The earn-out structure helps the buyer mitigate the risk of overvaluing the target business. We expect earn-outs to gain popularity as it is a great tool for the buyers to make payments on the basis of actual performance achieved by the seller.

This structure also provides a reward to the sellers for performance. It serves as a tool for sellers to break the logjam on negotiating valuation and move ahead with the transaction with an opportunity to earn a higher purchase price on fulfilment of pre-agreed milestones.

To avoid any disputes, the transaction document should clearly set out the financial and operational metrics for measuring the performance and the mechanism for calculation of the earn-out payments.

Moreover, given the uncertainty of the current situation, it is important for buyers and sellers to set realistic goals for revenue or profit generation and the expected timeframe to achieve these goals.

Regulatory hurdles

India’s foreign-exchange regulations have been liberalised to allow the buyer to structure payment of the purchase price in cross-border M&A transactions. A foreign buyer is permitted to defer up to 25% of the total consideration for up to 18 months from the date of signing of the definitive agreement. Typically, the purchase price adjustment or earn-outs are structured as holdbacks or through an escrow mechanism.

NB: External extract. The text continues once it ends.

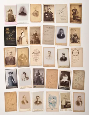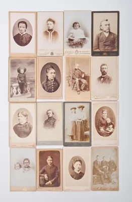Lot of 75 portrait photos, all between 1880-1910, on cardboard. Occasionally, the name of the photographer is printed on the back.
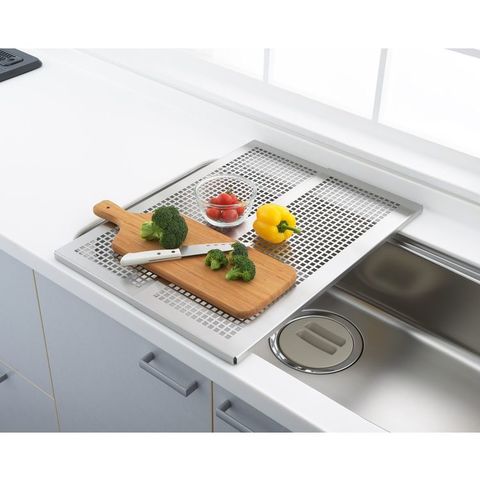 ヨシカワ 日本製 燕三条 シンクに渡せる 頑丈スライドプレート 伸縮式 作業スペース拡張 シンク上 作業台 調理台 奥行57 幅23~42 ステンレス Yoshikawa【送料無料】

The earn-out period available for the parties is not adequate to measure the near-term performance of the target business and suitably reward the sellers. Also, the buyer must ensure that the upfront amount and the total consideration comply with the pricing guidelines under the foreign exchange regulations.

These restrictions often hamstring the buyer’s ability to freely adjust the purchase price and the payment timeframe.

It is trickier to defer the purchase price in case of public companies, since the Securities Contracts (Regulation) Act 1956 requires that consideration for transfer of shares should be paid simultaneously or within one day of transfer.

Still, there are structuring options available to navigate these regulatory issues and achieve the desired commercial objectives.

Growing significance

The clauses in M&A documents related to price adjustment and the earn-out mechanism have assumed significance more than ever in these uncertain times. These provisions can help in providing a safety net to the buyer as well as the seller and to also equitably allocate risk amongst themselves.

Legal, tax and accounting experts need to meticulously draft these provisions to precisely reflect the commercial understanding between the parties in order to minimise the scope of future disputes.

The buyers should also pay a lot more attention to other contractual provisions in M&A documents which help in risk allocation between the parties. These include pre-closing covenants, indemnities, material adverse effect clauses, representations and warranties to adequately protect their risk.

Sellers, too, must negotiate adequate protections such as the right to review and dispute the post-closing accounts. They should seek contractual rights to gain autonomy to run the target business to ensure there is no impediment in achieving the milestones and potentially receive a higher purchase price in an earn-out structure.